INPUT.
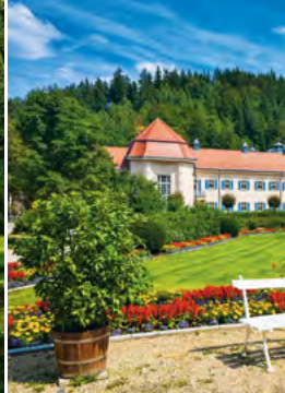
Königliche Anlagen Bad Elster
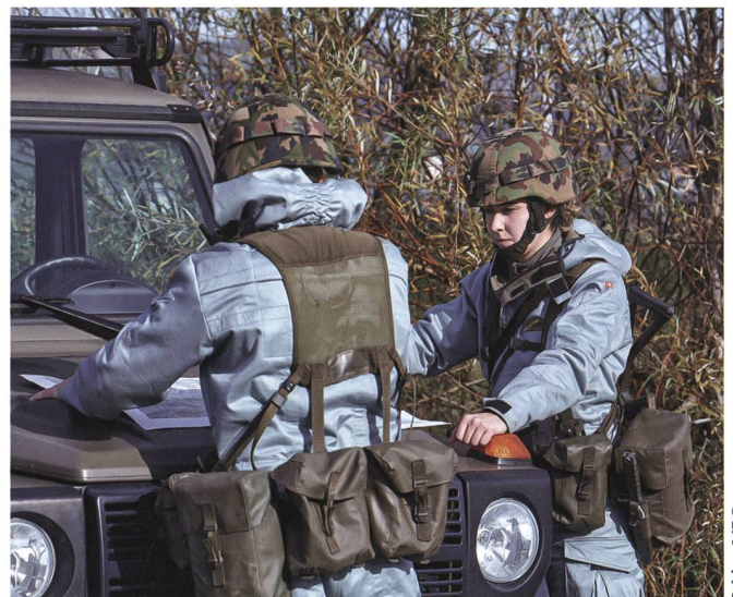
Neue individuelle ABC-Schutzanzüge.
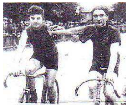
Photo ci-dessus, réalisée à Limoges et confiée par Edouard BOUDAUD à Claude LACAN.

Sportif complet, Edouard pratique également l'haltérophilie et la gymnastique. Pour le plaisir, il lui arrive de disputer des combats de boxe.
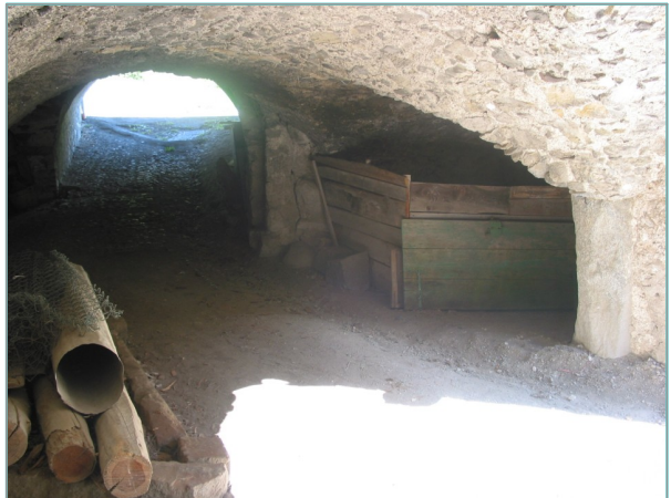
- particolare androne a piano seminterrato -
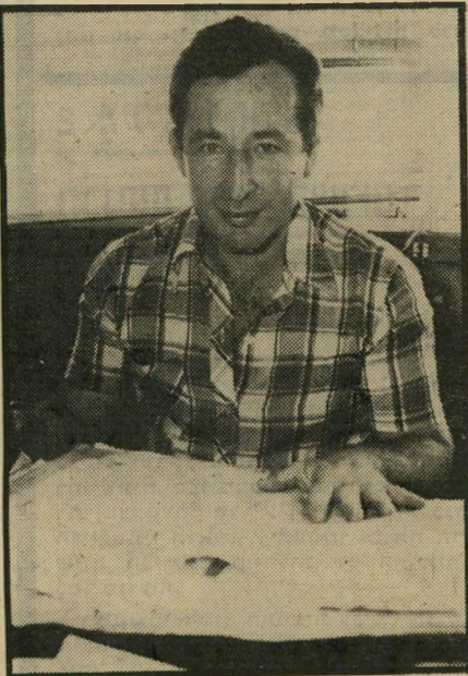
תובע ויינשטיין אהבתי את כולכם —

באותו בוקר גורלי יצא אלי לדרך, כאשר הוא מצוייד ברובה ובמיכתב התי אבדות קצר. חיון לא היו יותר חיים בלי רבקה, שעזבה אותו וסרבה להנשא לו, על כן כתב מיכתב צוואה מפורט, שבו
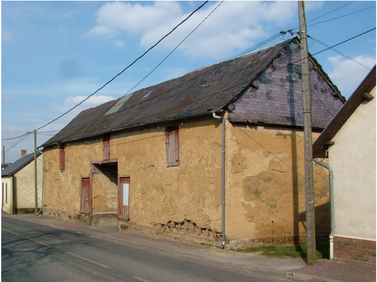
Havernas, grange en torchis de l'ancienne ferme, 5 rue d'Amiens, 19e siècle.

WHAT YOU ARE ASKED TO DO. Reproduce the data above exactly, but only from the line containing "Sportif complet, Edouard" through the line containing "באותו בוקר גורלי". Omit all pictures.

ANSWER SECTION.
Sportif complet, Edouard pratique également l'haltérophilie et la gymnastique. Pour le plaisir, il lui arrive de disputer des combats de boxe.
- particolare androne a piano seminterrato -
תובע ויינשטיין אהבתי את כולכם —

באותו בוקר גורלי יצא אלי לדרך, כאשר הוא מצוייד ברובה ובמיכתב התי אבדות קצר. חיון לא היו יותר חיים בלי רבקה, שעזבה אותו וסרבה להנשא לו, על כן כתב מיכתב צוואה מפורט, שבו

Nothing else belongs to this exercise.